## Task to complete
The first line of the listing opens the range and the line with "Ensalada de espinacas, pollo" closes it; repeat those lines and all between them word for word, leaving out the pictures.
*** Supplied information Section Begins ***
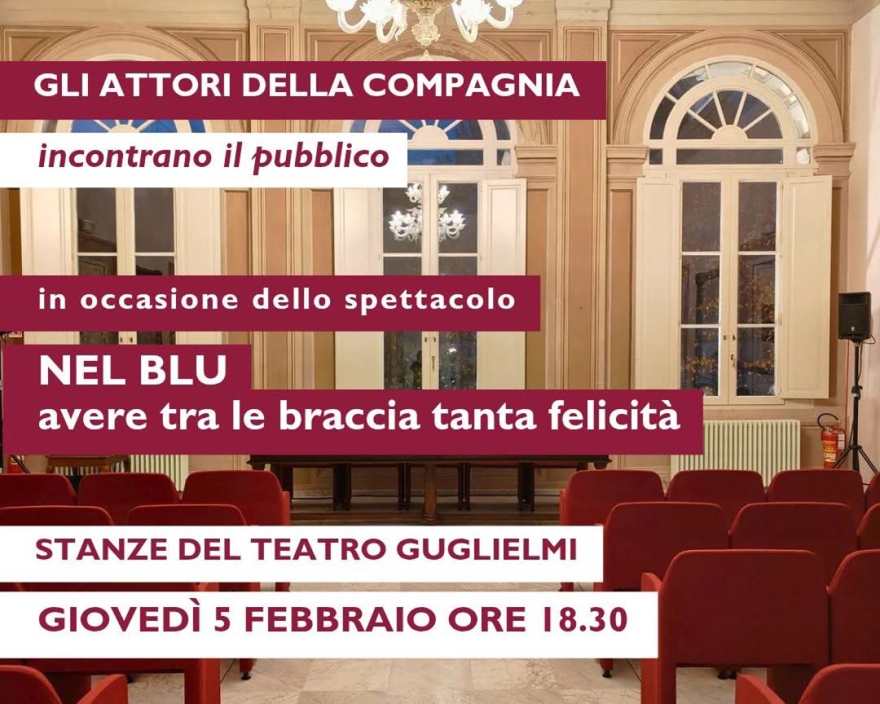 Giovedì 5 febbraio 2026 alle ore 18:30, presso le Stanze del Teatro Guglielmi, gli attori della compagnia dello spettacolo “Nel blu, avere tra le braccia tanta felicità” incontrano il pubblico.
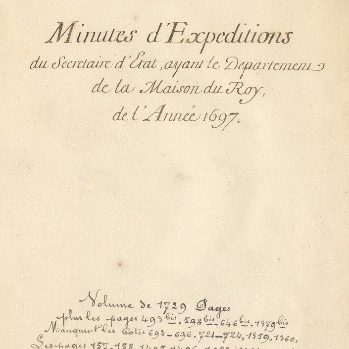 Minutes originales et expéditions faites par le secrétaire d’État de la Maison du Roi (1672-1706)
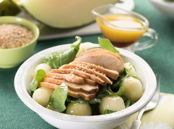 Ensalada de espinacas, pollo y melón:
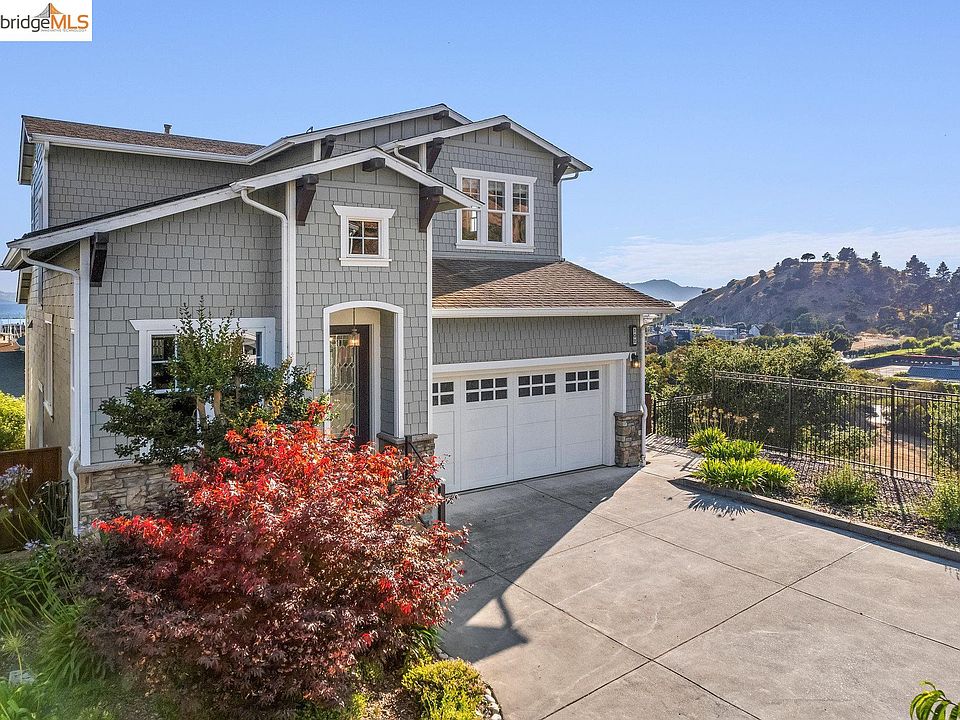 Located on unique corner lot at end of quiet cul-de-sac with stunning San Francisco and Bay views. Voluminous high ceilings throughout main level public entertainments spaces with wood floors throughout. Primary suite retreat with stunning SF views with spa-like ensuite. Thoughtful floorplan has generous two bedrooms + additional family room + full bath on separate level with direct access to patio deck and gardens. Only 20 minutes from Berkeley! Best kept secret -- the best weather in the East Bay!
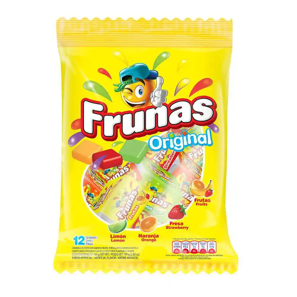 Caramelo blando masticable con sabor a frutas en forma de cubo. Sabores a limón naranja fresa y frutas. Bolsa con 12 unidades. Packing: Bolsa
*** Supplied information Section Ends ***
## Solution to the problem
 Giovedì 5 febbraio 2026 alle ore 18:30, presso le Stanze del Teatro Guglielmi, gli attori della compagnia dello spettacolo “Nel blu, avere tra le braccia tanta felicità” incontrano il pubblico.
 Minutes originales et expéditions faites par le secrétaire d’État de la Maison du Roi (1672-1706)
 Ensalada de espinacas, pollo y melón:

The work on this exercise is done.